__Required work__: Taking only the lines of the data below from the line with "Dołączono również certyfikat, który" to the line with "2026届地区期末物理答案.pdf", ends included, write them out exactly and without pictures.

*** Opening of Data for the task ***

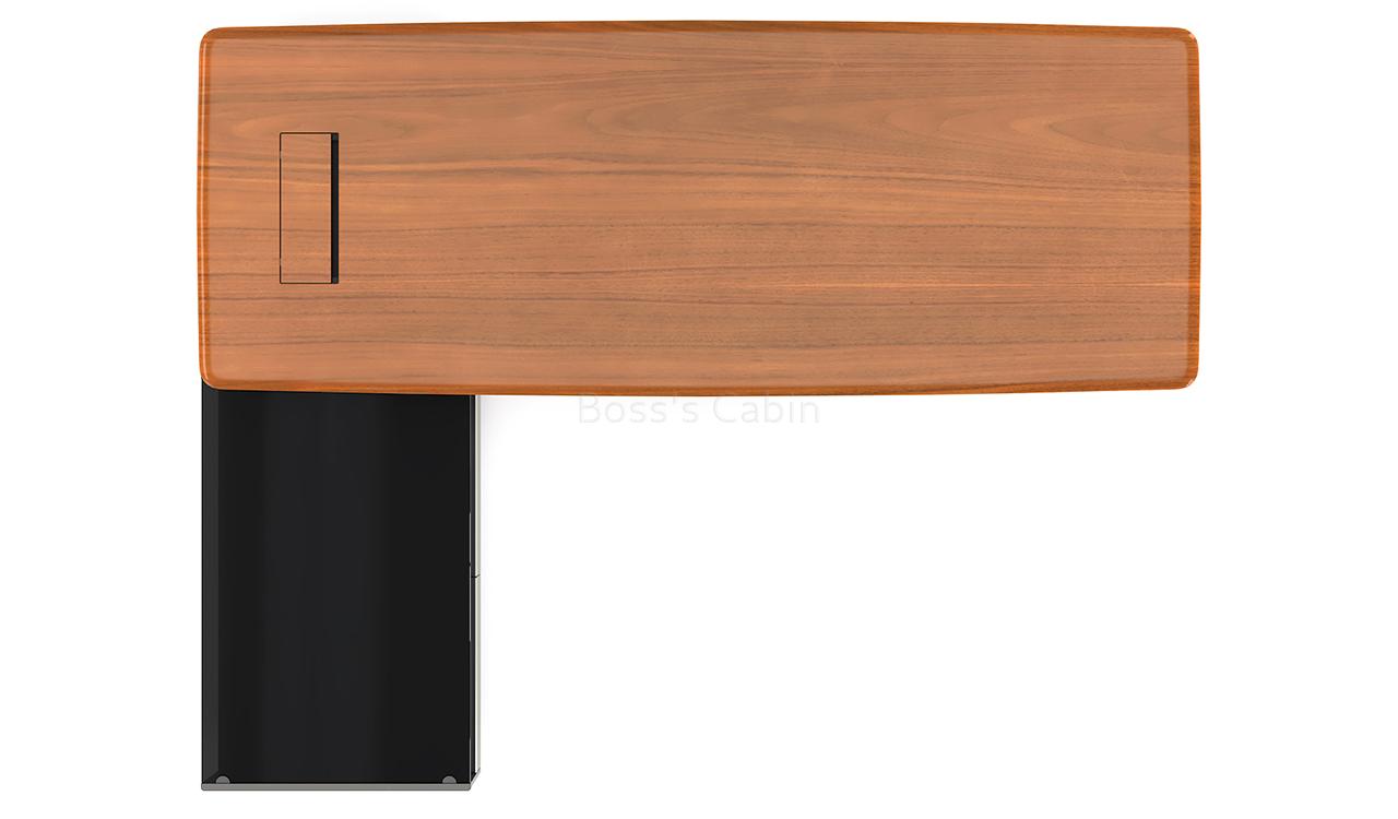 Inwardly Chamfered Desktop Edges– Unlike the usual right angled edges of a desktop the Varna has chamfered edges created with a 3D double sided absorption process. From the tabletop to the edges and even the underside the wood grain is continuous and without joints providing an impeccable surface finish. The curved corners of the table top along with the chamfering are a result of our eye for finer details that subtly enhance the richness of design aesthetics of Varna.
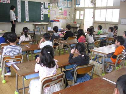 1年生の授業の様子です。椅子の座り方や質問の仕方など、だんだんと小学生らしくなってきました。
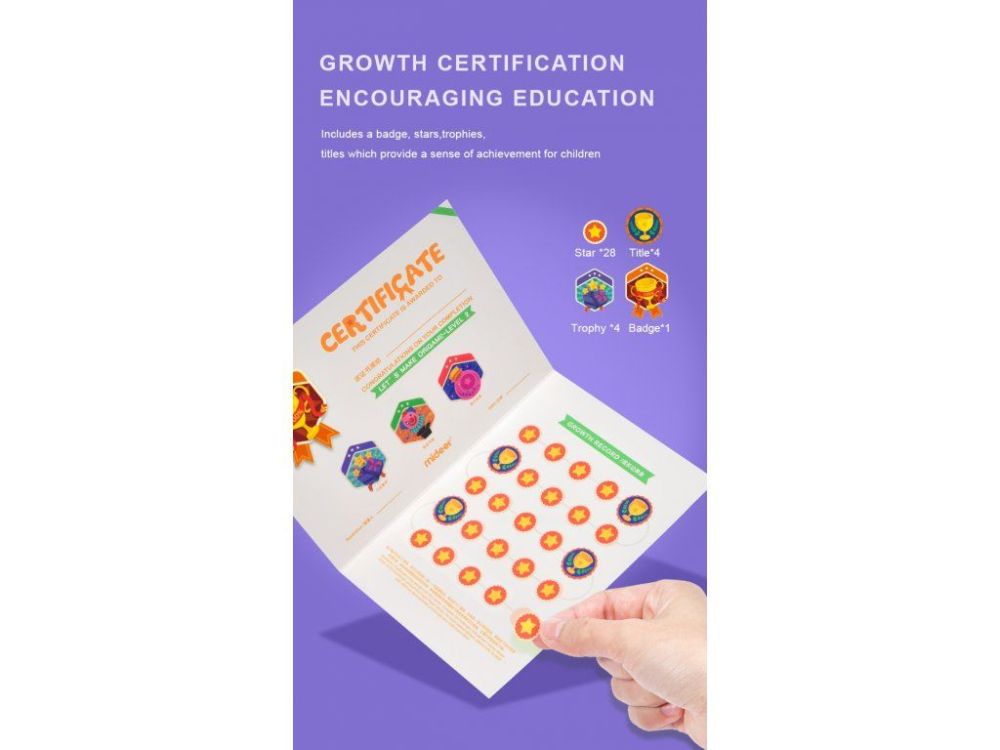 Dołączono również certyfikat, który służy do nagradzania wyników dziecka kolorowymi naklejkami.
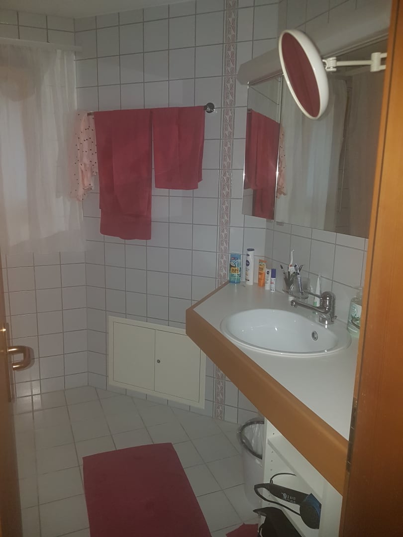 Badezimmer mit Badewanne und großem Spiegel
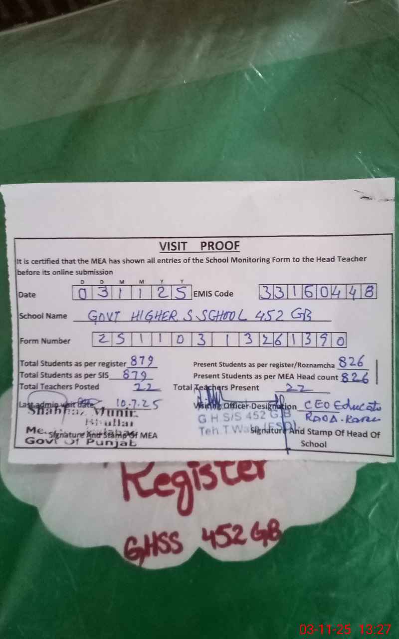 | EMIS Code: 33160448 | Name of School: GHSS CHAK NO.452 GB FSD | |||
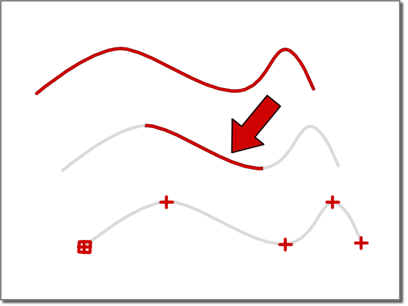 Der Pfeil und das Glanzlicht kennzeichnen ein einzelnes Segment eines Splines.
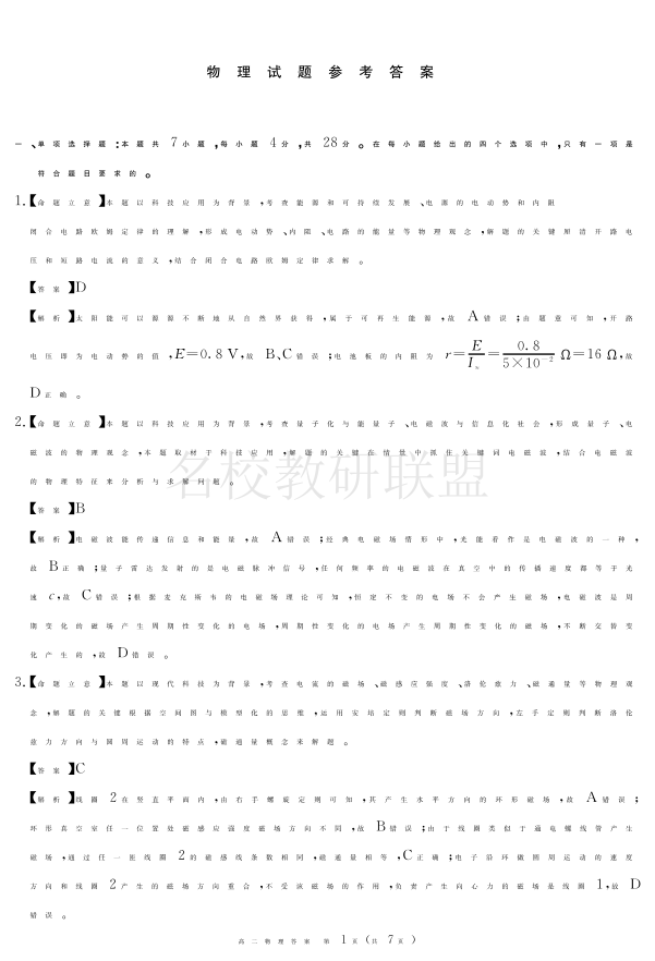 2026届地区期末物理答案.pdf
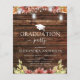 Budget Rustic Country Outdoors on Dark Wood with Burgundy, Orange and Yellow Sunflowers with Mason Jars on String Light Autumn or Fall Class of 2023 High School or College Graduation Party Invitations - includes beautiful and elegant script typography for the special Birthday Celebration.
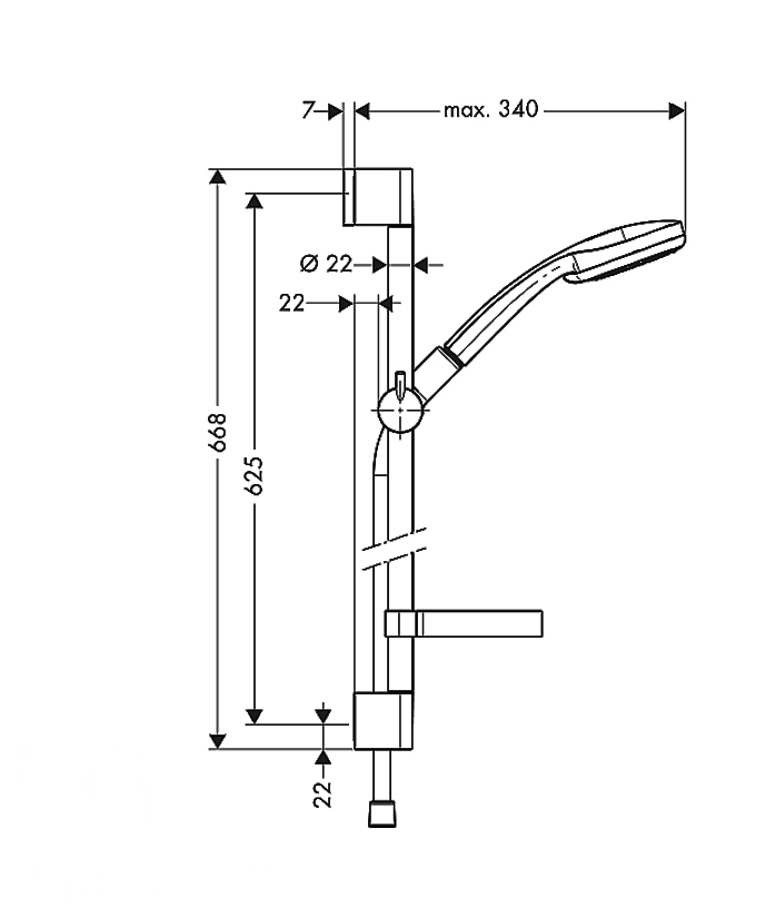 HANSGROHE Душовий набір зі штангою 65 см і ручним душем 10 см з трьома типами струменя.

*** Close of Data for the task ***

__Response box__:
 Dołączono również certyfikat, który służy do nagradzania wyników dziecka kolorowymi naklejkami.
 Badezimmer mit Badewanne und großem Spiegel
 | EMIS Code: 33160448 | Name of School: GHSS CHAK NO.452 GB FSD | |||
 Der Pfeil und das Glanzlicht kennzeichnen ein einzelnes Segment eines Splines.
 2026届地区期末物理答案.pdf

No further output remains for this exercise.